In 1944–5 the Red Army returned with a vengeance. The Stalinist authorities were determined to uphold the frontier-line agreed with the Nazis in 1939, and hence to perpetuate the division of the former Galicia. What is more, they ruled that the remaining Polish population was to be concentrated to the west of the line, and Ukrainians to the east. Vast tides of fugitive humanity flowed back and forth. Recalcitrants were driven out of their homes. The Poles of east Galicia/eastern Małopolska/
Distrikt Galizien
, now labelled ‘repatriants’, were packed onto trains and dispatched from Soviet territory. Almost the entire surviving Polish population of Lemberg was sent to Wrocław/Breslau, the capital of Silesia, where it replaced the expelled German citizenry.
93
This was social engineering on an unprecedented scale.

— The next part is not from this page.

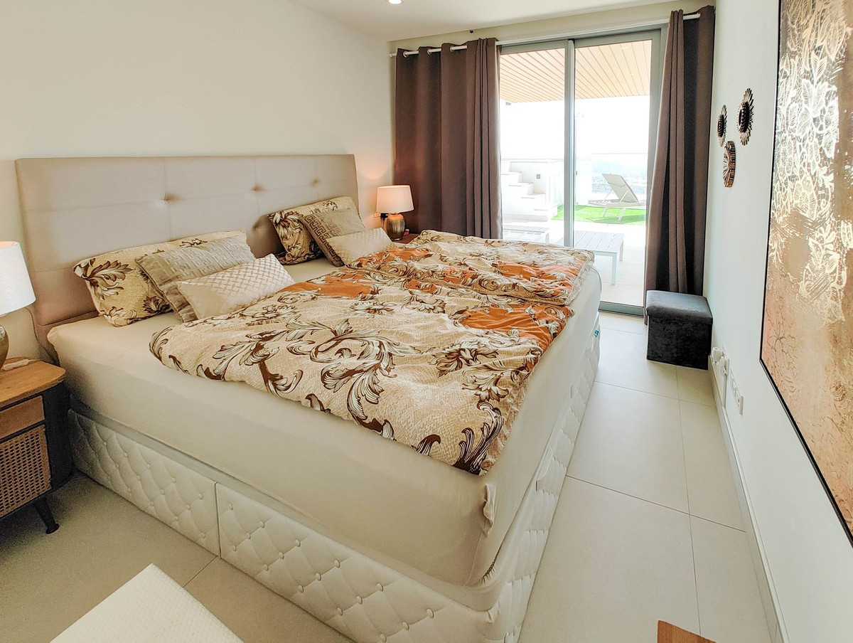 This first-class flat has two bedrooms with en-suite bathrooms, an open-plan kitchen/living room and an additional guest WC. It offers an exceptional living experience with a combination of luxury, comfort, and relaxation. The modern design and high-quality furnishings combine with the natural surroundings and first-class facilities, the right thing for a sophisticated lifestyle.
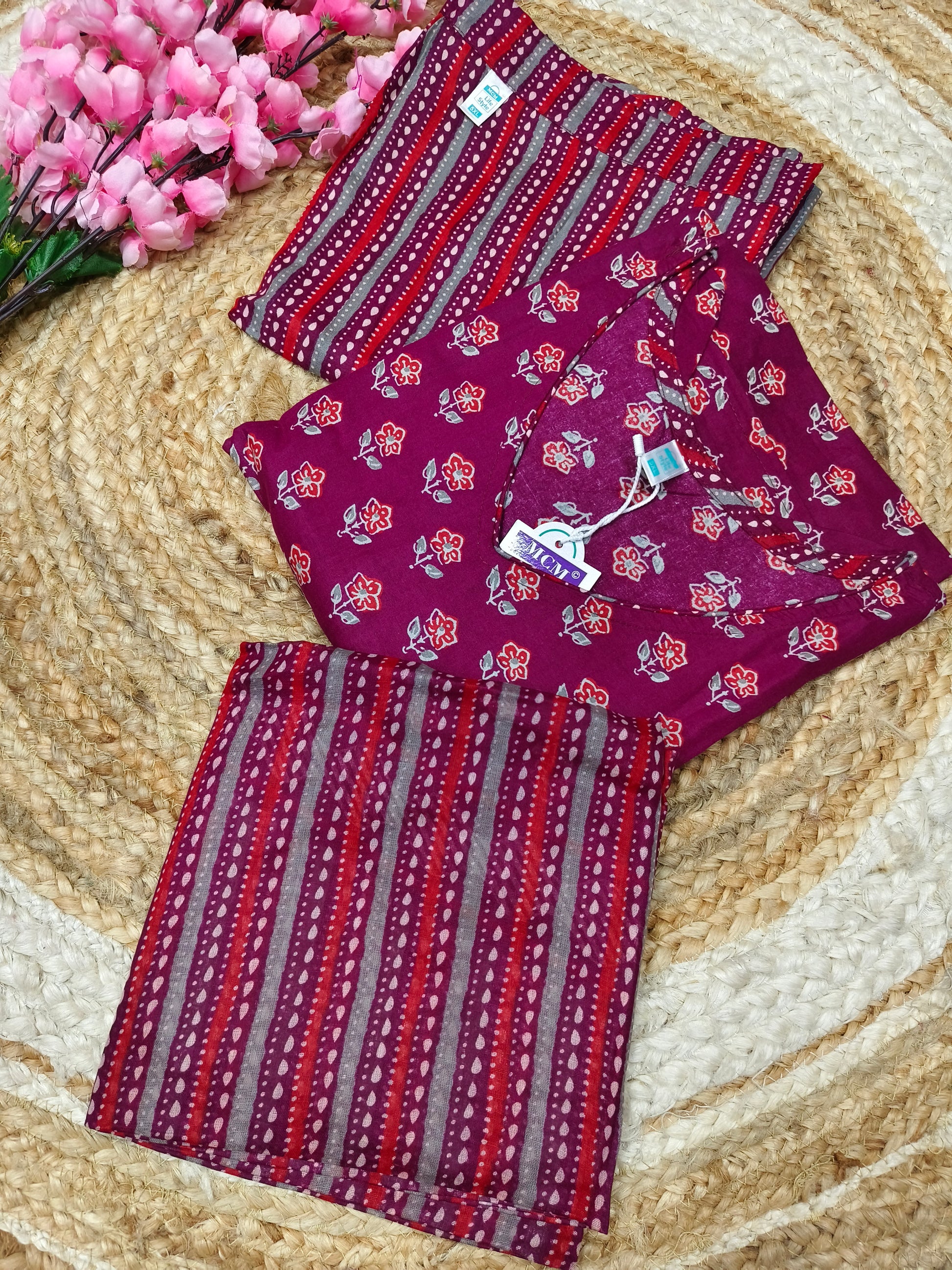 Pure cotton fabric Kurta comes with pant and duppata 3/4 sleeve

The districts adjoining the new Polish–Soviet frontier were hit particularly hard. One example must suffice. Ustrzyki Dolne lay on the bank of the River San. Its multinational Galician make-up had stayed intact till 1939. A Jewish majority predominated in the town, though there were also some Poles and a few Ruthenians. One of its prominent Jewish citizens, Moses Fränkel, had been a long-serving mayor. In the surrounding mountainous countryside, a Ruthenian Lemko peasantry lived alongside an old German rural colony. None of these groups survived the war. The Poles of Ustrzyki were deported en masse by the Soviets in 1939, almost all of them dying from maltreatment or the Siberian cold.
94
The Germans, by Nazi-Soviet agreement, were forcibly sent to the so-called ‘
Warthegau
’ to replace expelled natives.
*
In 1942 the Jews of Ustrzyki were rounded up by the Wehrmacht, marched to a temporary transit station, and then sent to the extermination camp at Sobibór. This only left the Ruthenian Lemkos, who were rounded up and dispersed by the Communist authorities in 1946–7 in an act of ethnic cleansing called ‘Operation Vistula’, launched on the pretext of rooting out the remnants of the wartime Ukrainian underground.
95
By that time, Ustrzyki was a ghost town, emptied of all its pre-war inhabitants. The mountain villages were deserted, the houses had been torched and razed, the orchards had turned wild; the fields, untended, were overgrown. All that remained were a few ruined churches and synagogues, and the vandalized tombstones of the cemeteries.
96
The former east Galicia, forcibly Ukrainianized, now formed part of the Ukrainian SSR. The former west Galicia, artificially Polonized, belonged to the Polish People’s Republic. The new Soviet– Polish frontier reduced contacts to a minimum. The Ustrzyki district was finally restored to Poland by the Soviet Union in 1951.